Le dernier était infesté de coquerelles et de moisissure, et servait de maison de passe. Il l’a quitté pour finalement se rabattre sur les refuges pour sans-abri. Ses nombreux bandages masquent les piqûres de punaises de lit qu’il a grattées au sang dans un moment de découragement. Ces jours-ci, la température est assez clémente pour dormir à la belle étoile.

Rêver d’ailleurs

Parfois, Tim Mew se prend encore à rêver qu’il divertit les clients d’un bar ou d’un bateau de croisière. Il leur joue des ballades et du hard rock, et les surprend avec ses propres compositions. « Je crois sincèrement que ça pourrait être des succès », assure-t-il.
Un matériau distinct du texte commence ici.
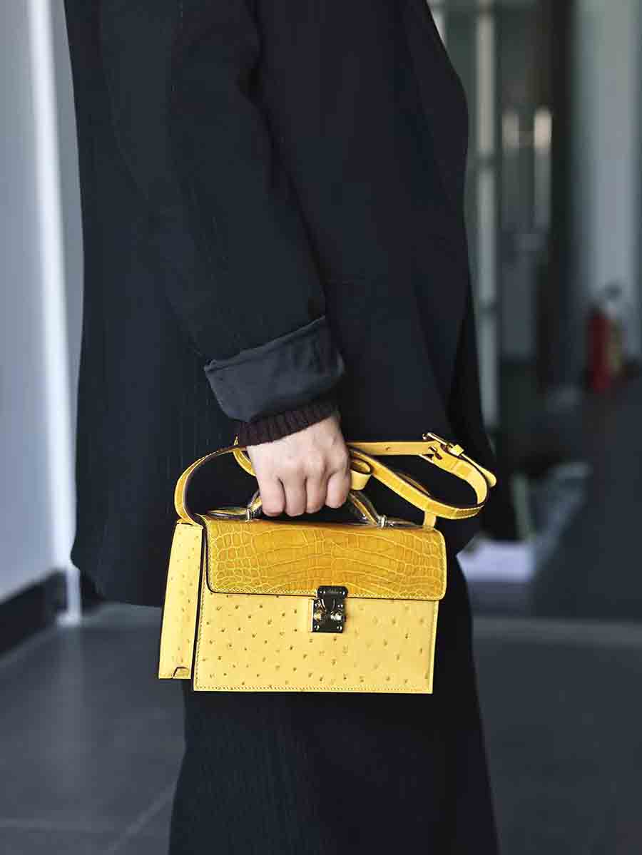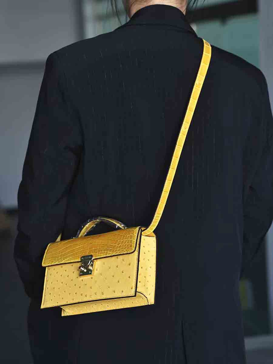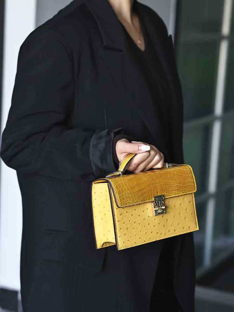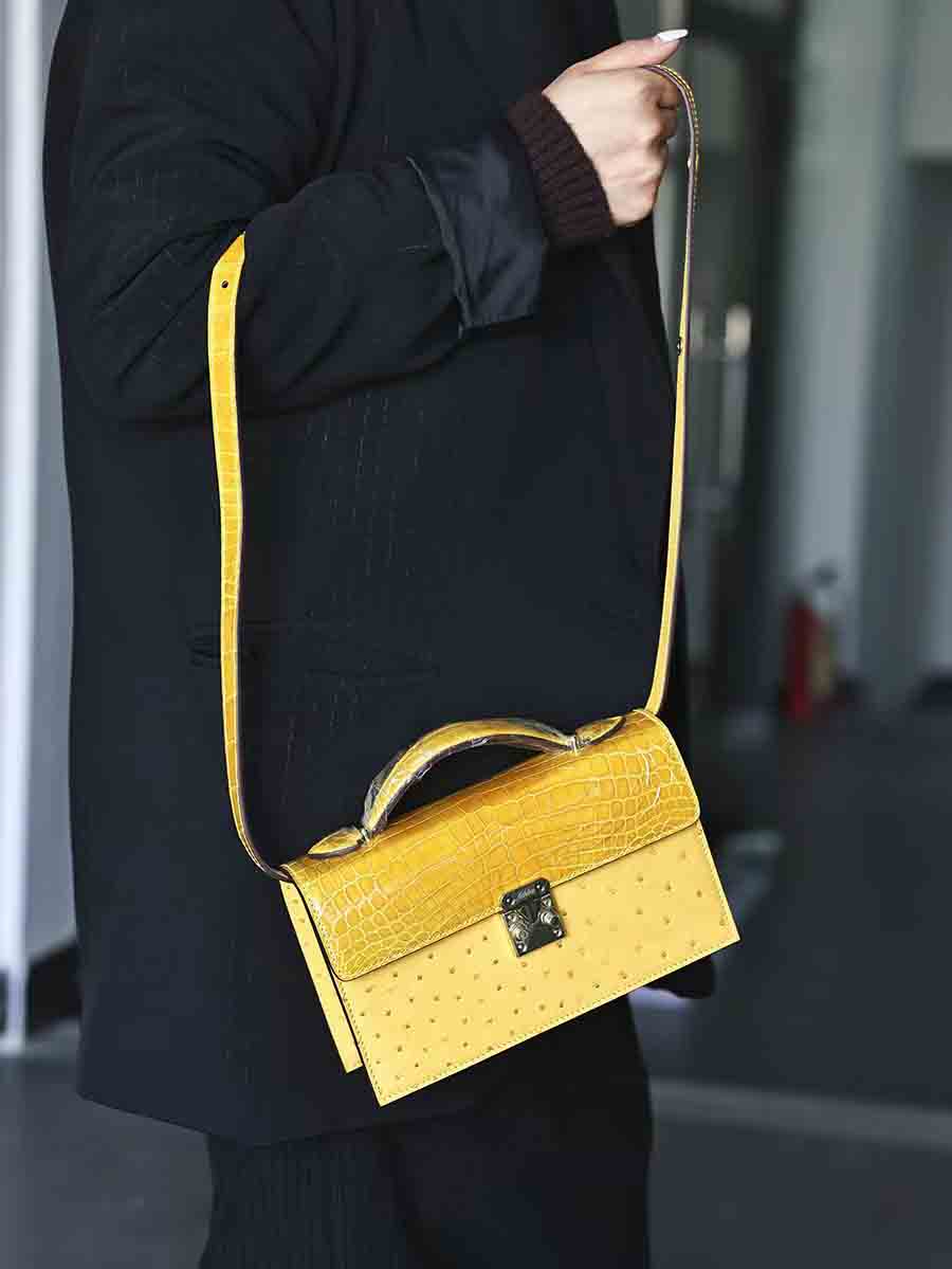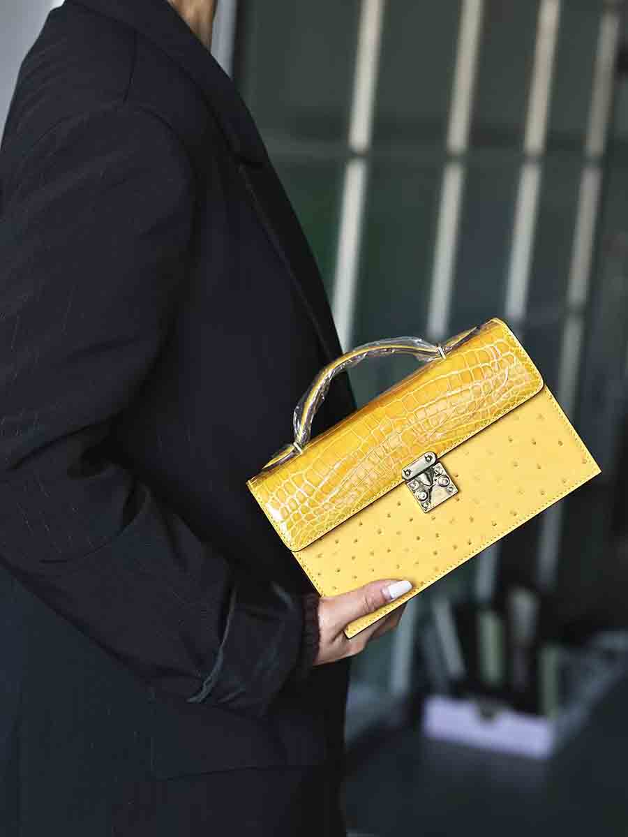 定制 新款晚宴包 可手拎可单肩斜挎包,鳄鱼皮拼鸵鸟皮女单肩包。

Quand il est dans cet état et que ses doigts dansent sur le clavier, son corps est traversé de frissons. 

Ça me donne l’impression que le vrai moi est là. Celui que j’aurais voulu être : le joueur de piano que je sais que je suis.

Tim Mew

« L’âme meurt si on n’utilise pas ses dons », l’a-t-on prévenu. Mais la paix d’esprit est difficile à trouver quand on est rongé par la honte et la culpabilité, se ravise-t-il.

L’homme empoigne son maigre bagage et retourne à son piano, sa musique et son public empruntés, pour entamer une mélodie d’Elton John : Your Song. « … je n’ai pas beaucoup d’argent, mais si j’en avais, j’achèterais une grande maison où l’on pourrait tous les deux vivre », entend-on en sourdine.

Tim Mew referme les yeux et s’envole à nouveau. Rêver, heureusement, ne coûte rien.